(Listed entries)
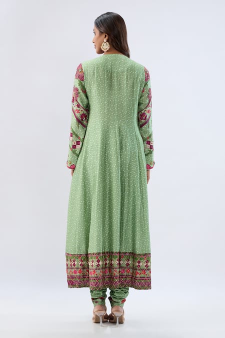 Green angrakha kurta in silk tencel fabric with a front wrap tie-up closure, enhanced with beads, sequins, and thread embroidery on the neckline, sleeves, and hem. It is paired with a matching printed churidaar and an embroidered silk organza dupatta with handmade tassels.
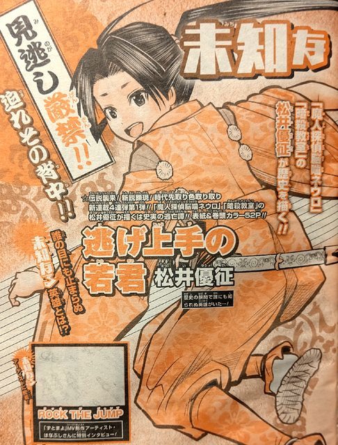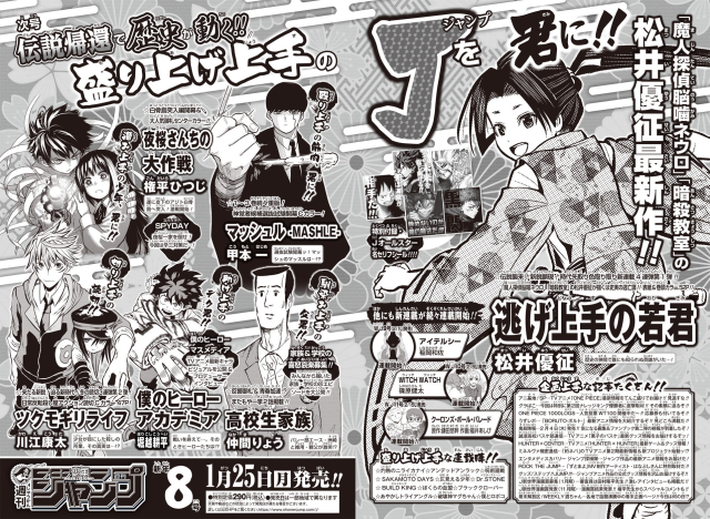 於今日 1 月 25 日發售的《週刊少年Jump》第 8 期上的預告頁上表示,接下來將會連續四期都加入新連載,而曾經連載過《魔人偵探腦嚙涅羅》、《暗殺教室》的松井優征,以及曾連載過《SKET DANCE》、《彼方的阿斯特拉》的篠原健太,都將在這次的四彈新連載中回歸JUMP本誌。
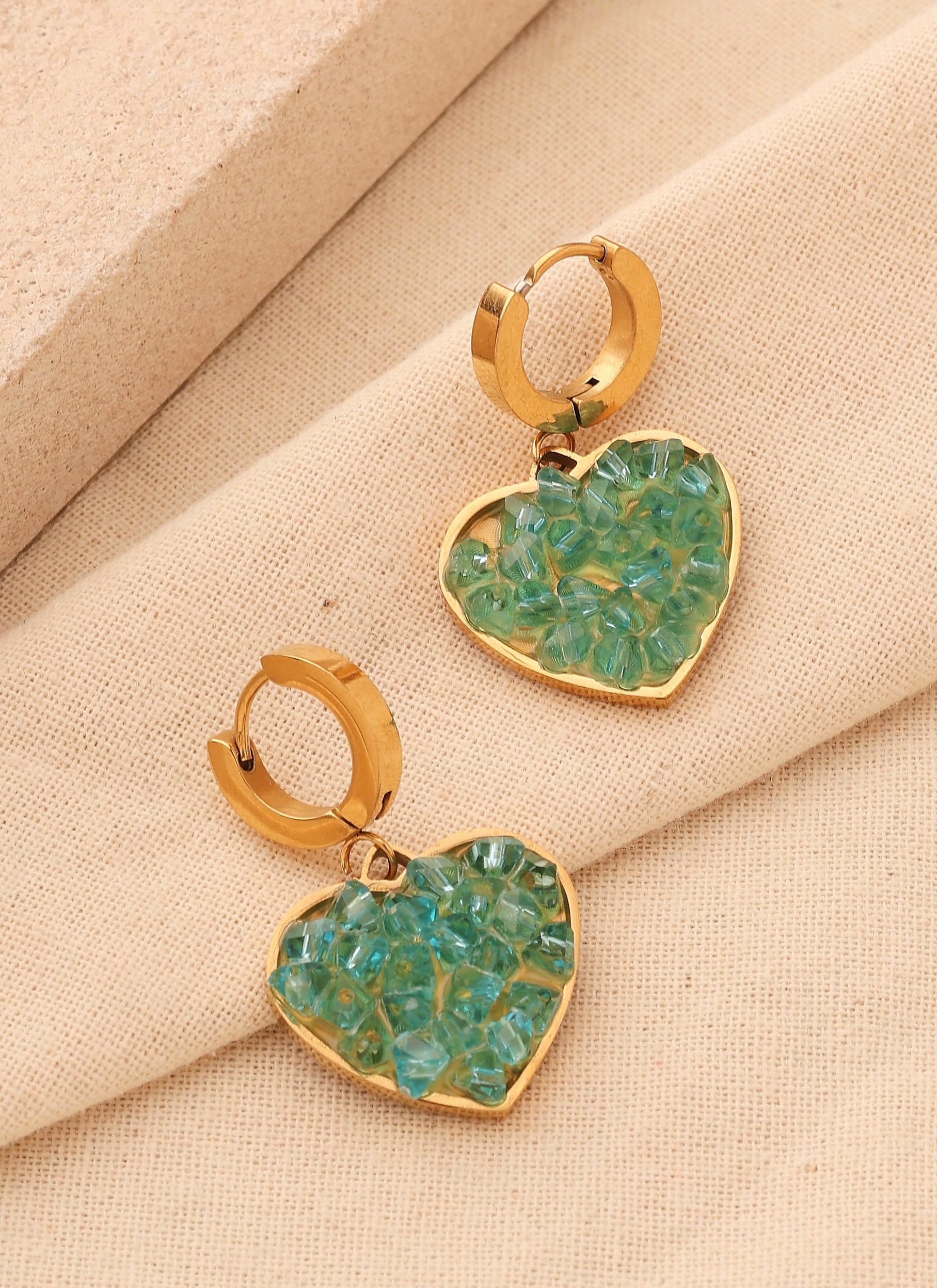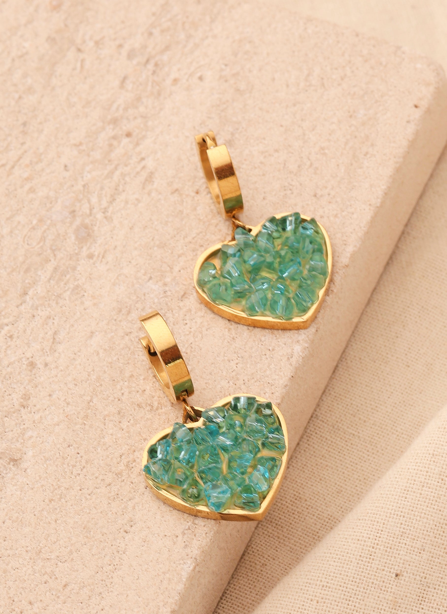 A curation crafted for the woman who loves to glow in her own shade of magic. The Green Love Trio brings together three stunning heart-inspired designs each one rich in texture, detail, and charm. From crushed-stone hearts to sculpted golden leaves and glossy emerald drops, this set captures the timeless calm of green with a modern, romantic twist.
(End Listed entries)
(Listed entries)
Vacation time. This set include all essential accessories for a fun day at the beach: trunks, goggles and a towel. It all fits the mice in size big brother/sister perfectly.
(End Listed entries)
(Listed entries)
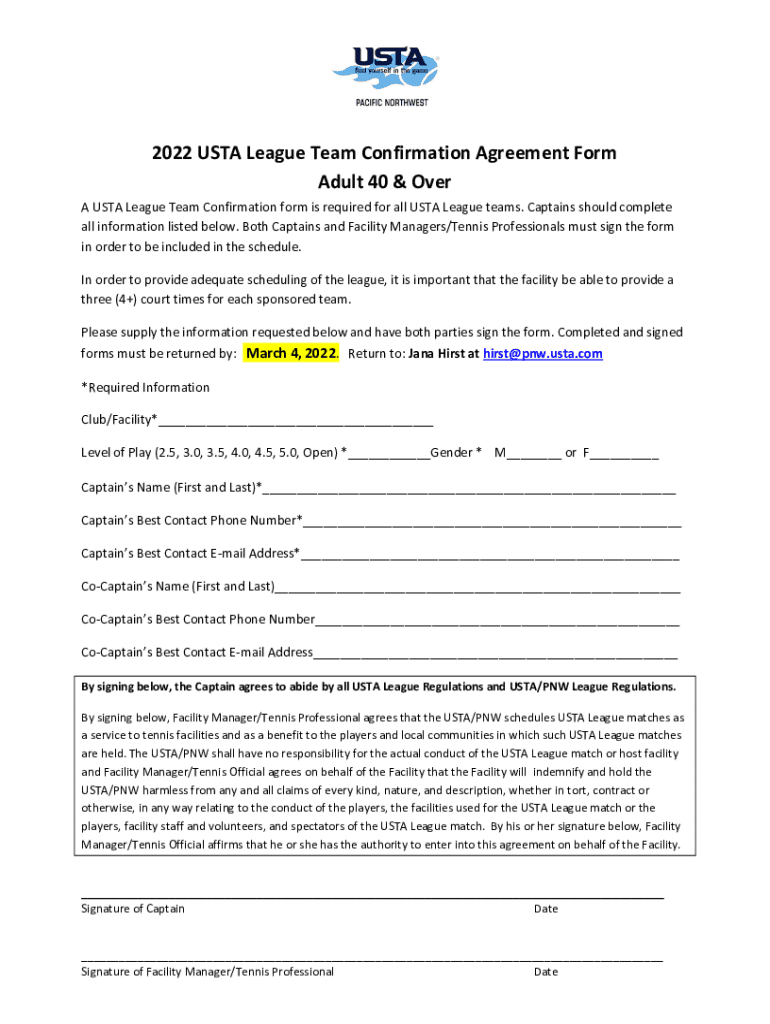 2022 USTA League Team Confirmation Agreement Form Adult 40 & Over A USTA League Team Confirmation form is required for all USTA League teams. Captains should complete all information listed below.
(End Listed entries)
→ **Task objective**
All pictures are to be skipped. Output, word for word, the lines in the data above starting at the line containing "於今日 1 月 25 日發售的《週刊少年Jump》第" and ending at the line containing "A curation crafted".

→ **Answer**
 於今日 1 月 25 日發售的《週刊少年Jump》第 8 期上的預告頁上表示,接下來將會連續四期都加入新連載,而曾經連載過《魔人偵探腦嚙涅羅》、《暗殺教室》的松井優征,以及曾連載過《SKET DANCE》、《彼方的阿斯特拉》的篠原健太,都將在這次的四彈新連載中回歸JUMP本誌。
 A curation crafted for the woman who loves to glow in her own shade of magic. The Green Love Trio brings together three stunning heart-inspired designs each one rich in texture, detail, and charm. From crushed-stone hearts to sculpted golden leaves and glossy emerald drops, this set captures the timeless calm of green with a modern, romantic twist.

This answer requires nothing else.